A NEW Netflix documentary lets streamers go inside Fidel Castro’s revolution in Cuba over a 45-year-period, and reveals how absolute Socialism failed the South American state.
Castro, who died in 2016 was used and financed by the USSR’s closet state to the Capitalist United States between 1961-1990 and was the scene of the infamous “Bay of Pigs” invasion that caused a nuclear crisis for President John F. Kennedy, and Netflix’s documentary series goes behind enemy lines.

It follows the early years Cuba was a communist success story, but as time went on and the Berlin Wall fell, filmmaker Jon Alpert’s documentary reveals the economic crisis faced by Cuba, how socialism seemed like the solution, but ultimately failed and how capitalist free market enterprise saved the former socialist state.
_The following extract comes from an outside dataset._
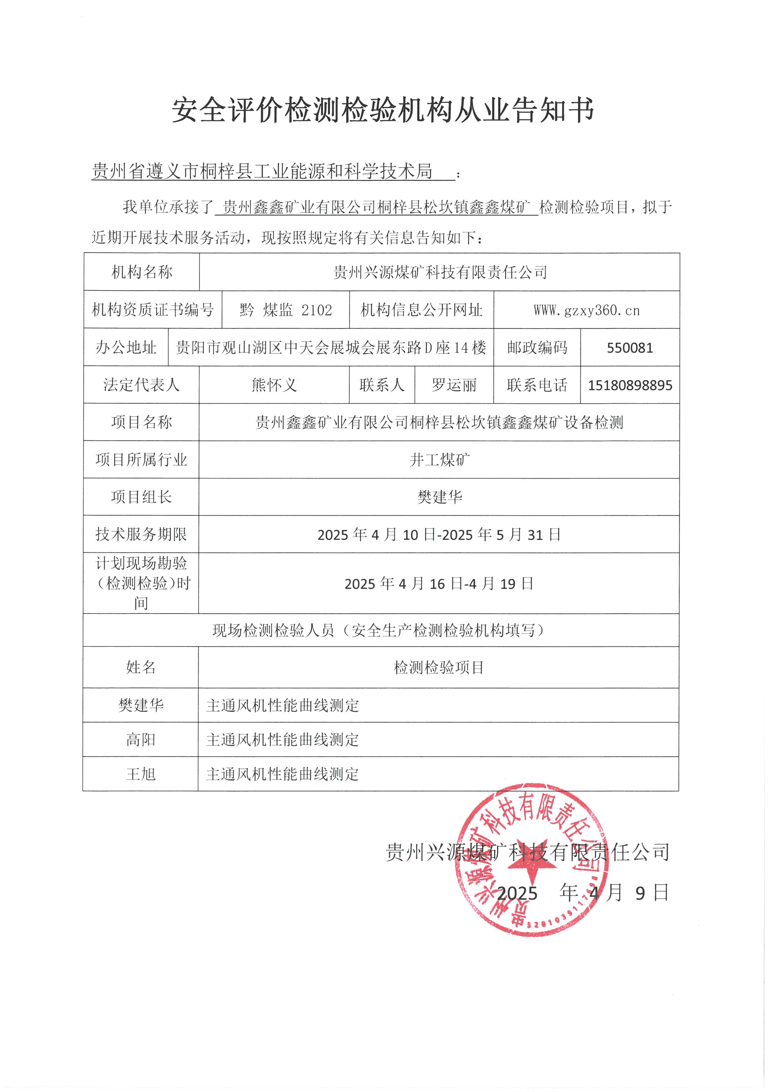 安全評價檢測檢驗機構(gòu)從業(yè)告知書【貴州鑫鑫礦業(yè)有限公司桐梓縣松坎鎮(zhèn)鑫鑫煤礦】

From food and medicine and shortages to capitalist enterprise, the documentary is an unbiased take on Cuba’s history and even see’s the documentary maker meet the Cuban leader during a trip to New York in the seventies, where he addresses the United Nations.

Jon Alpert began a chronicle of Fidel Castro’s Cuba in 1972, bringing along a small crew and a portable camera and follows three Cuban families living under Castro.

Alpert was there for Cuba’s socialism of the early ‘70s, and for the 1980 Mariel Bay boatlift, when over 100,000 Cubans fled the island, accompanied by inmates released from prisons and insane asylums.
He returned to cover the hardships of the 1990s and the “Special Period” after the fall of the Soviet Union when Cuba literally went dark, documenting how these families and the Cuban leader dealt with the serious challenges gripping their country.
Cuba and the Cameraman is available to stream on Netflix in the UK and US.